Tick
Warning Contributed
by Tom of Pasadena, CA
It's the scam of
the summer! If someone comes to your front door saying they are checking
for ticks due to the warm weather and asks you to take your clothes off
and dance around with your arms up, DO NOT DO IT! THIS IS A SCAM!!
They only want to
see you dance naked.

I wish I'd gotten
this yesterday
... I feel so stupid.
Fake
Noodle Contributed
by Melba of Covina, CA
Q: what do you call
a fake noodle?

A: an Impasta!
A.A.A.D.D. Contributed
by Linda Belle of Whittier, CA
Age-Activated Attention
Deficit Disorder. KNOW THE SYMPTOMS!
Thank goodness there's a name for this disorder.
This is how it manifests:

I decide to water
my garden. As I turn on the hose in the driveway, I look over at my car
and decide it needs washing. As I start toward the garage, I notice mail
on the porch table that I brought up from the mail box earlier. I decide
to go through the mail before I wash the car. I lay my car keys on the
table, put the junk mail in the garbage can under the table, and notice
that the can is full.

So, I decide to put
the bills back on the table and take out the garbage first ... but then
I think, since I'm going to be near the mailbox when I take out the garbage
anyway, I may as well pay the bills first.
I take my check book
off the table, and see that there is only one check left. My extra checks
are in my desk in the study, so I go inside the house to my desk where
I find the can of soda I'd been drinking.

I'm going to look
for my checks but first I need to push the soda aside so that I don't
accidentally knock it over. The soda is getting warm, and I decide to
put it in the refrigerator to keep it cold. As I head toward the kitchen
with the soda, a vase of flowers on the counter catches my eye --- they
need water. I put the soda on the counter and discover my reading glasses
that I've been searching for all morning.
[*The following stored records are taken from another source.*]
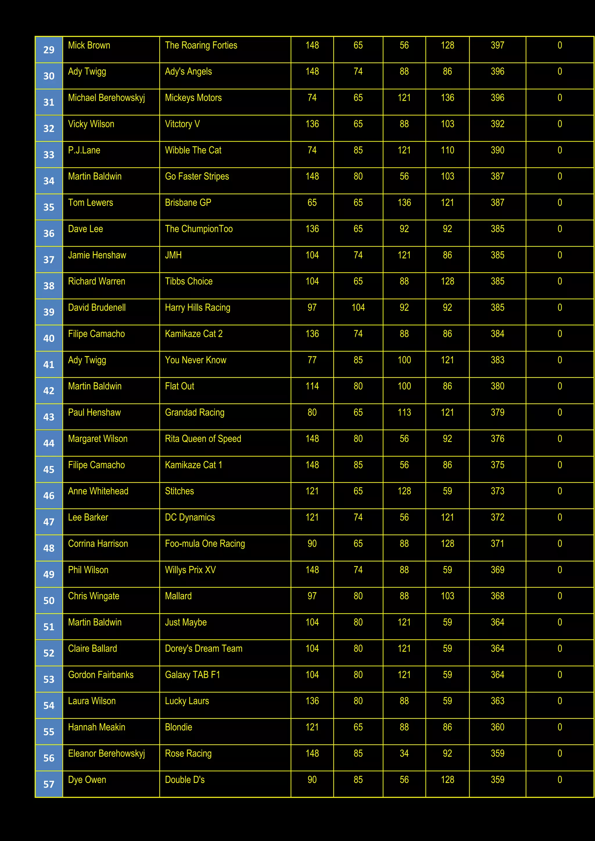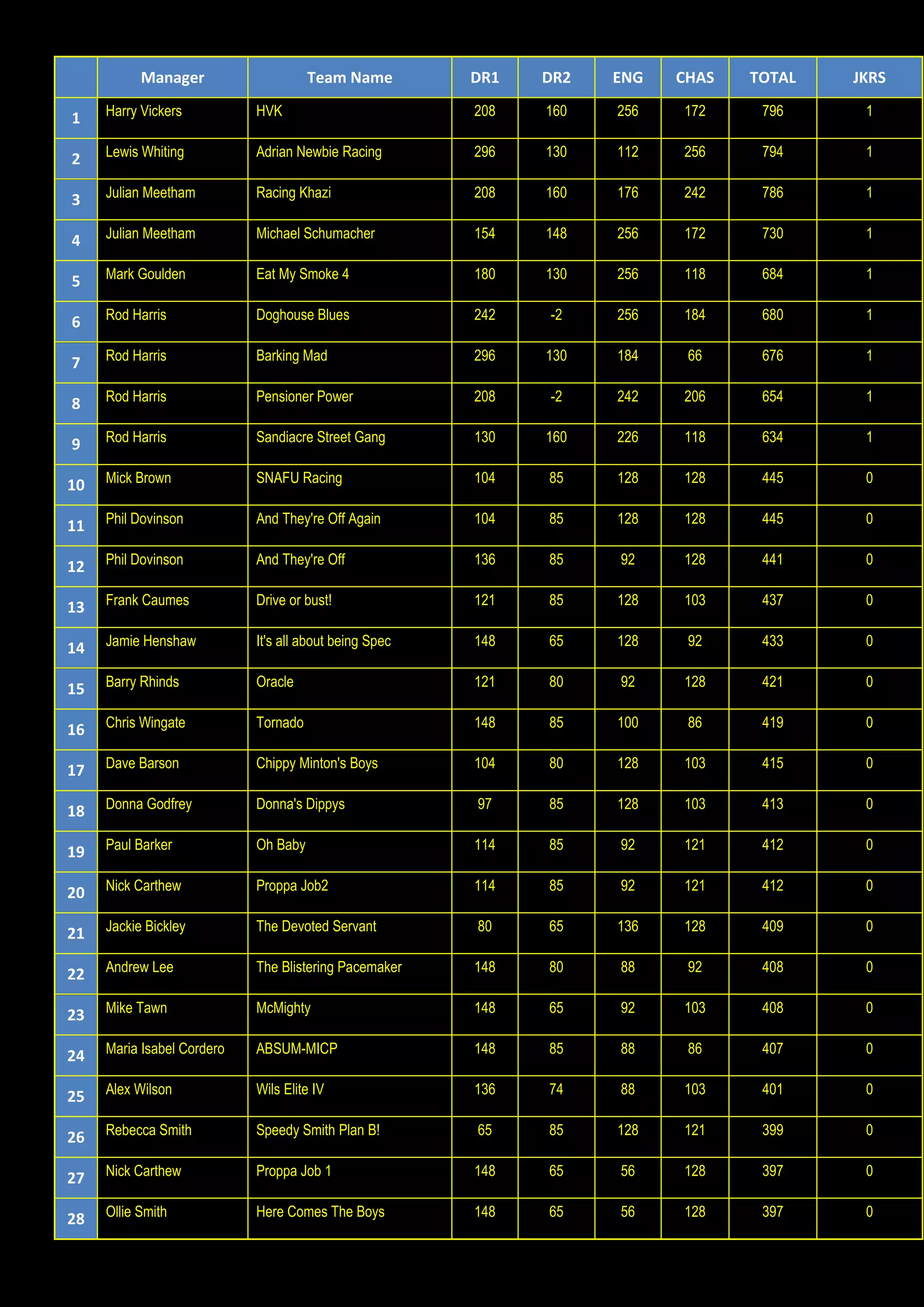 The document appears to be a table listing manager team names and their total points in a racing competition. It shows the top manager was Harry Vickers of team HVK with 796 total points. Lewis Whiting of Adrian Newbie Racing was second with 794 total points. Julian Meetham placed third with two separate teams, Racing Khazi with 786 points and Michael Schumacher with 730 points.
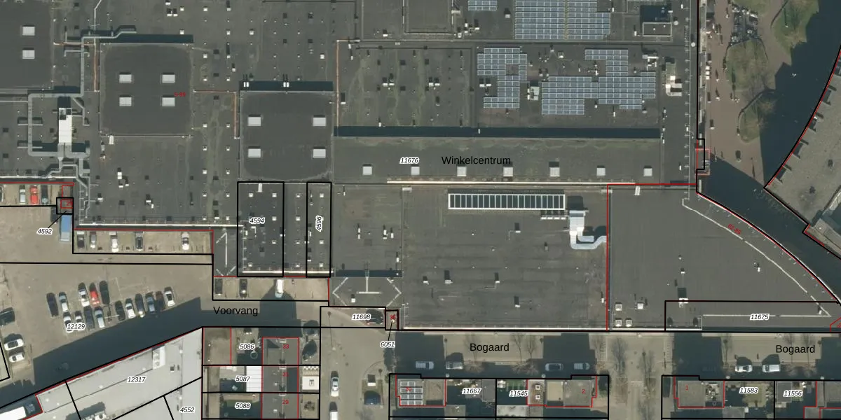 Winkelcentrum 45 is gelegen op kadastraal perceel ETN01L11676. Deze kadastrale aanduiding is uniek en wordt gebruikt door het Kadaster om eigendomsrechten en andere zakelijke rechten vast te leggen. Het perceel maakt onderdeel uit van de kadastrale gemeente Etten-Leur.
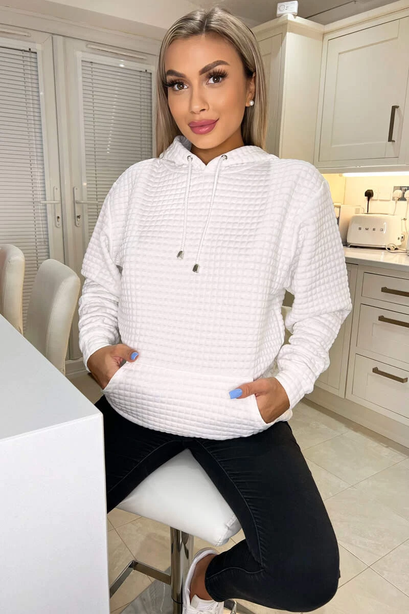 Freshen up your loungewear collection with our cream quilted hoodie.
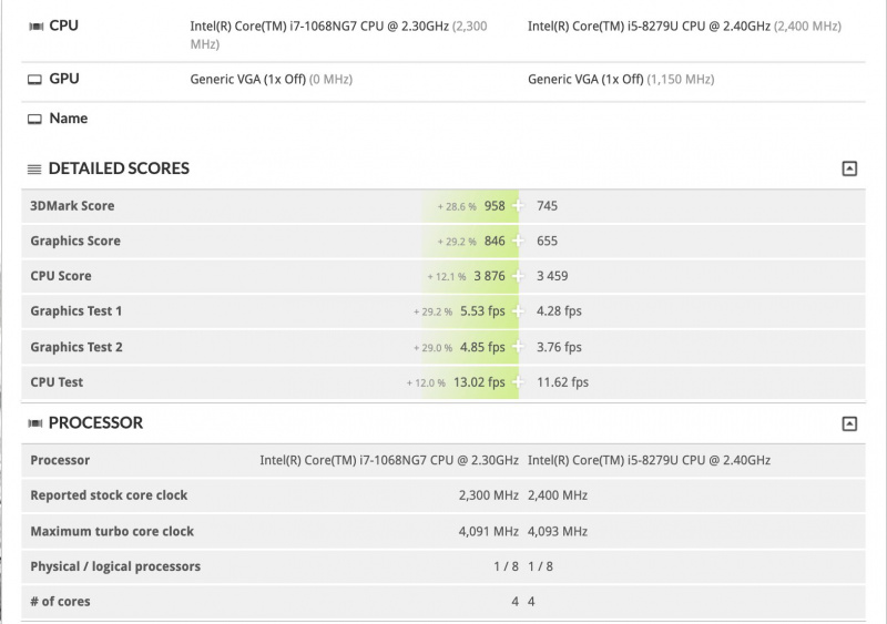 Srovnávací údaje porovnávají nový čip 10. generace s čipem Core i5 8. generace, který nyní je ve špičkovém 13palcovém MacBooku Pro z roku 2019. Výsledky ukazují, že nový 13palcový stroj byl přibližně o 12 % rychlejší než současný 13palcový MacBook Pro, pokud jde o rychlosti procesoru, a téměř o 30 % rychlejší, pokud jde o grafický výkon.
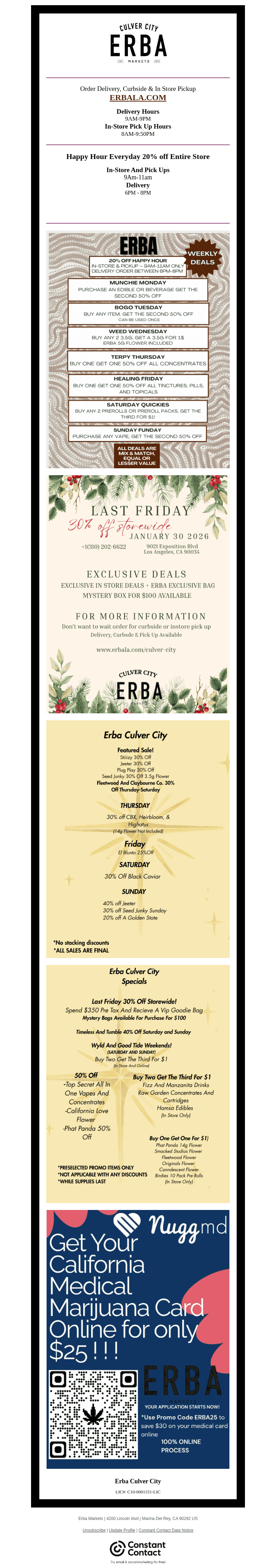 Welcome to ERBA Markets Culver City, the premier destination for both recreational and medical marijuana in Culver City, Los Angeles. We're committed to providing a superior customer experience, with a wide selection of high-quality cannabis products, including flower, tinctures, and more.
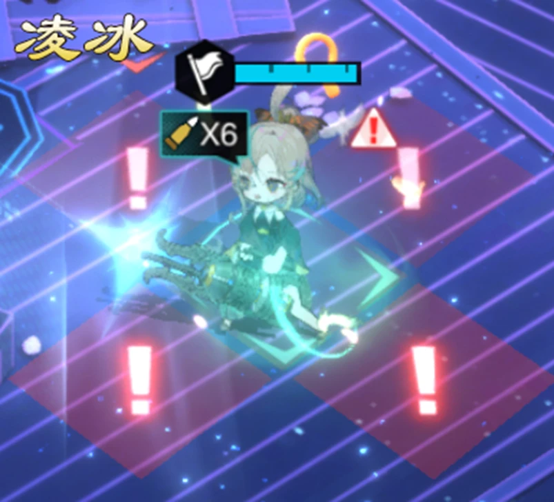 凌冰是一个随机点名技能,会随机点名三名器者,以他们所在位置的十字危险范围造成伤害
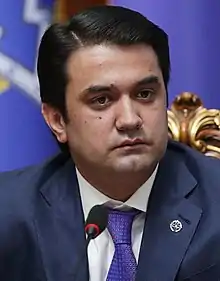 In 2000, Dushanbe received internet access for the first time.[64] In 2004, the UNESCO declared Dushanbe as a city of peace.[86] Mahmadsaid Ubaidulloev was declared mayor of Dushanbe in 1996, after during the civil war era many said he was in real control of the government.[87] He was the mayor of the capital for the longest term of any mayor, 21 years, until 2017.[71] From independence, the city's economy has grown consistently up until the COVID-19 recession.[88][89] In January 2017, Rustam Emomali, current President Emomali Rahmon's son, was appointed Mayor of Dushanbe, a move which is seen by some analysts as a step to reaching the top of the government.[90]
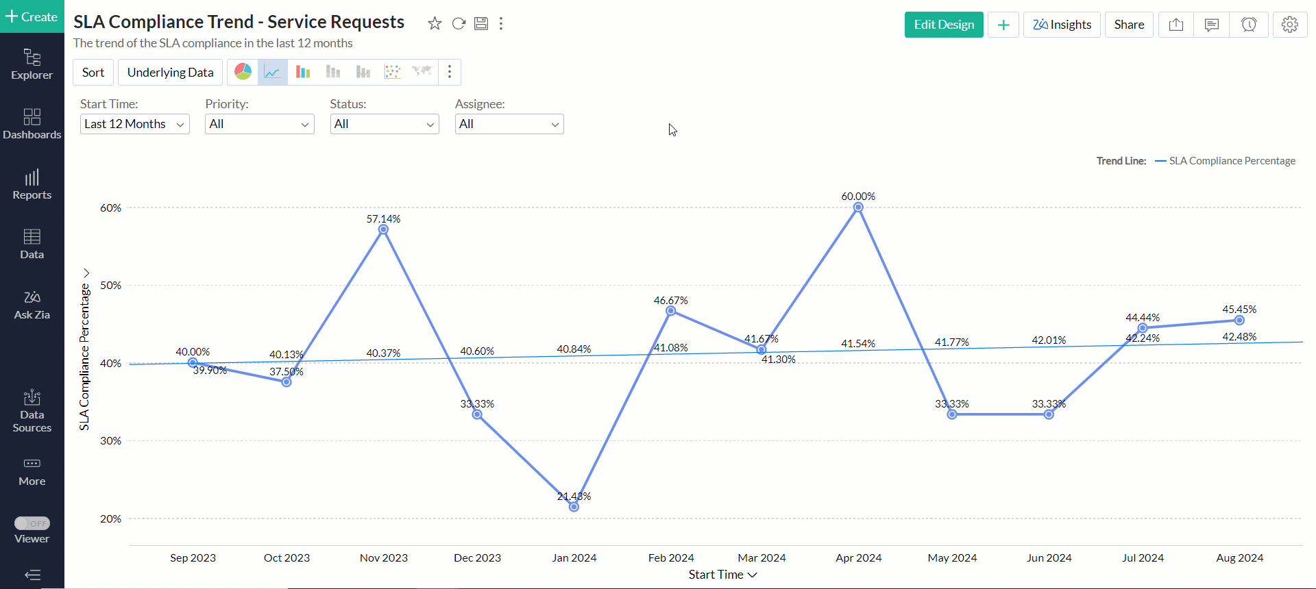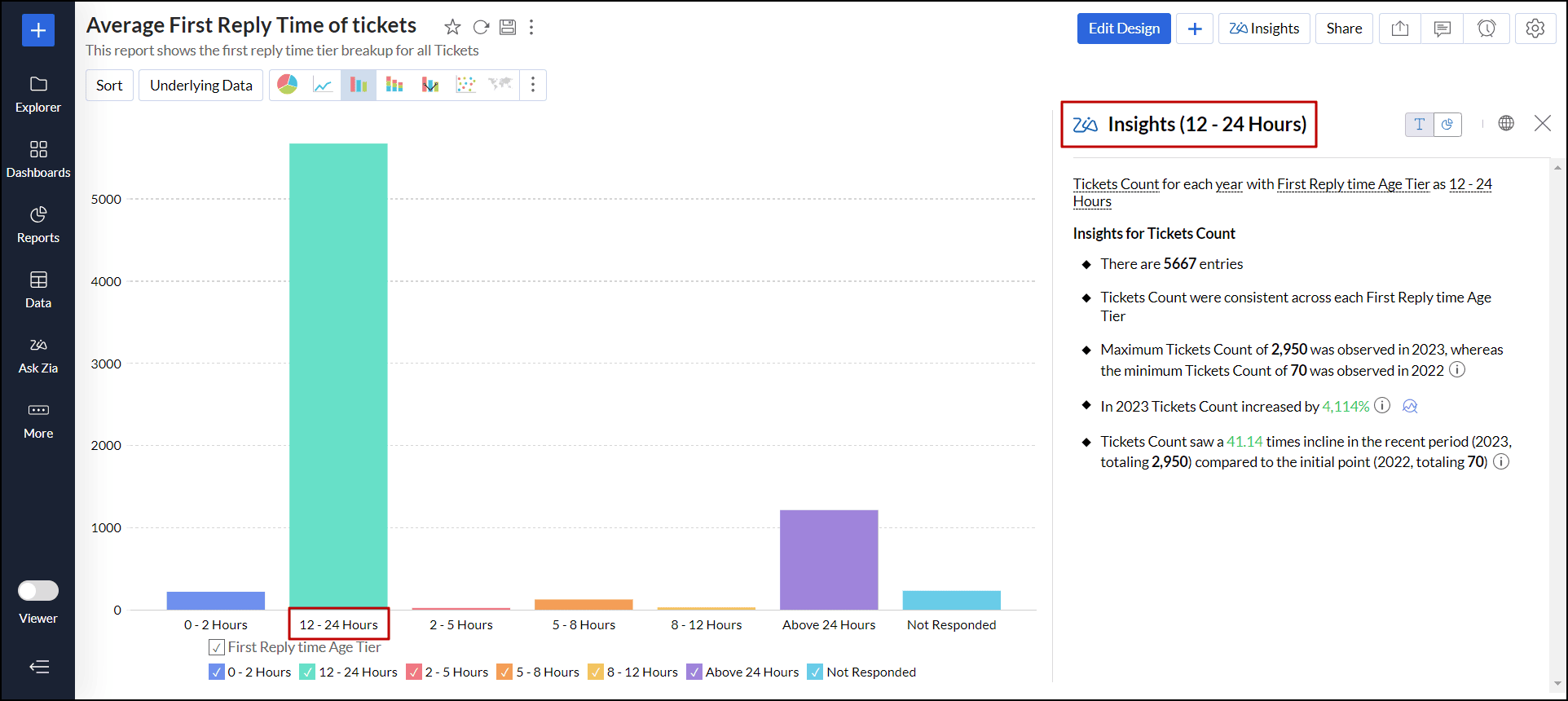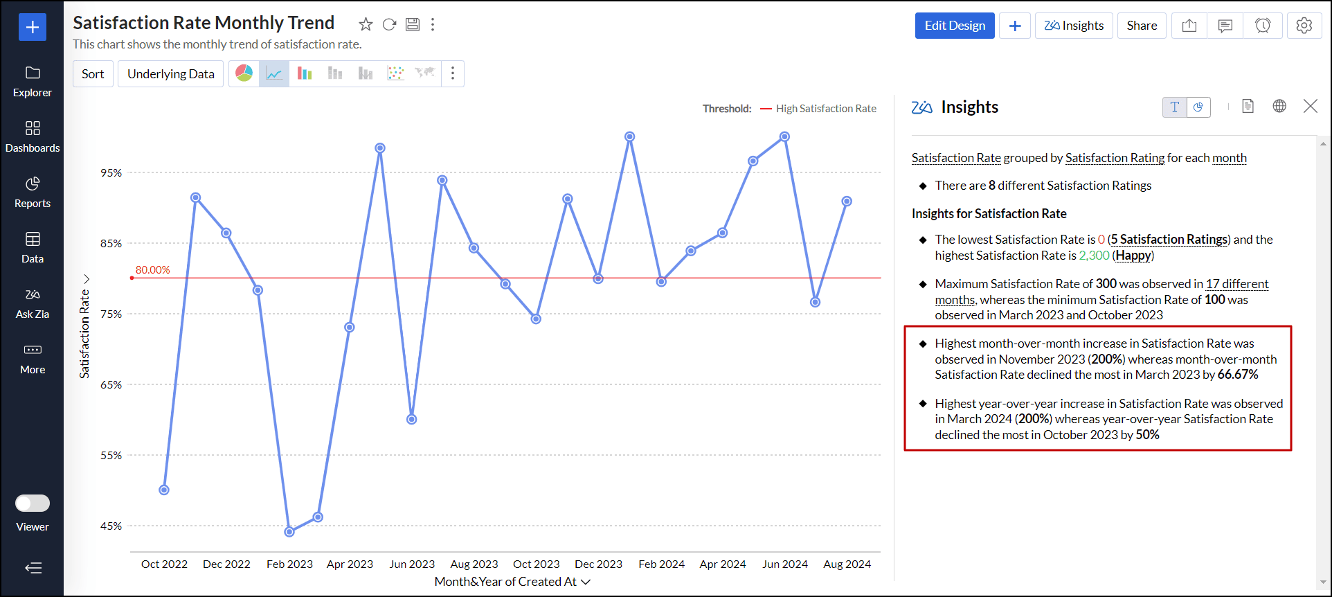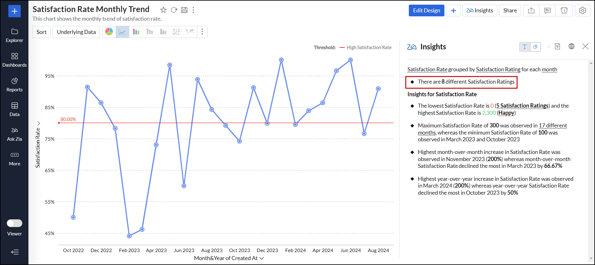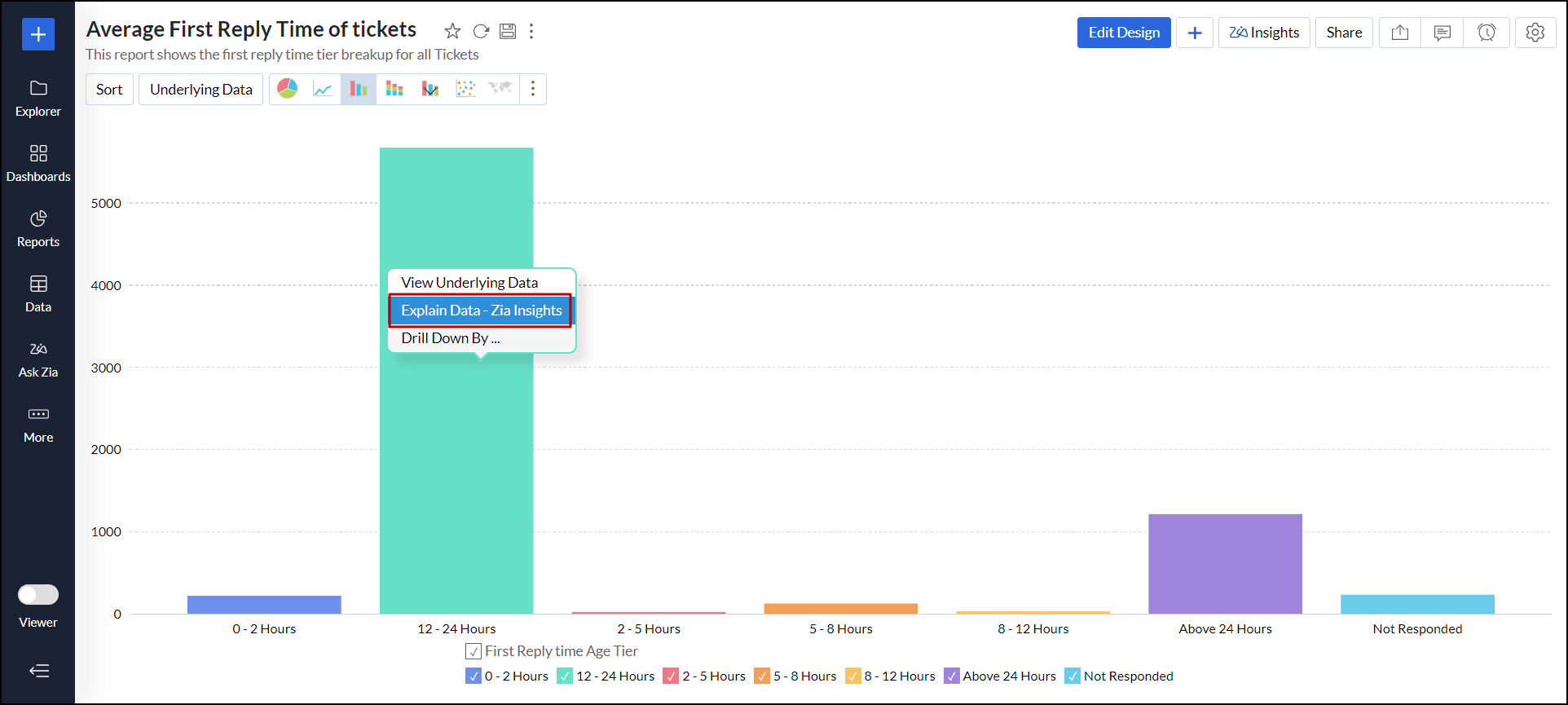 - レポート内のデータポイントをクリックし、[データの説明 - Zia分析]を選択します。

I decide I better put them back
on my desk, but first I'm going to water the flowers.
I set the glasses
back down on the counter, fill a container with water and suddenly spot
the TV remote. Someone left it on the kitchen table. I realize that tonight
when we go to watch TV, I'll be looking for the remote. But I won't remember
that it's on the kitchen table, so I decide to put it back in the den
where it belongs. But first I'll water the flowers.
I pour some water
in the flowers, but quite a bit of it spills on the floor. So, I set the
remote back on the table, get some towels and wipe up the spill. Then,
I head down the hall trying to remember what I was planning to do.

At the end of the
day:
The car isn't washed,
the bills aren't paid,
there is a warm can of soda sitting on the counter,
the flowers don't have enough water,
there is still only 1 check in my check book,
I can't find the remote,
I can't find my glasses,
and I don't remember what I did with the car keys.
Then, when I try to
figure out why nothing got done today, I'm really baffled because I know
I was busy all day, and I'm really tired.
I realize this is
a serious problem, and I'll try to get some help for it, but first I'll
check my e-mail ....

Do me a favor. Forward
this message to everyone you know because I don't remember who I've sent
it to. Don't laugh -- if this isn't you yet, your day is coming!
P.S. I don't remember who sent it to me, so if it was you, I'm sorry.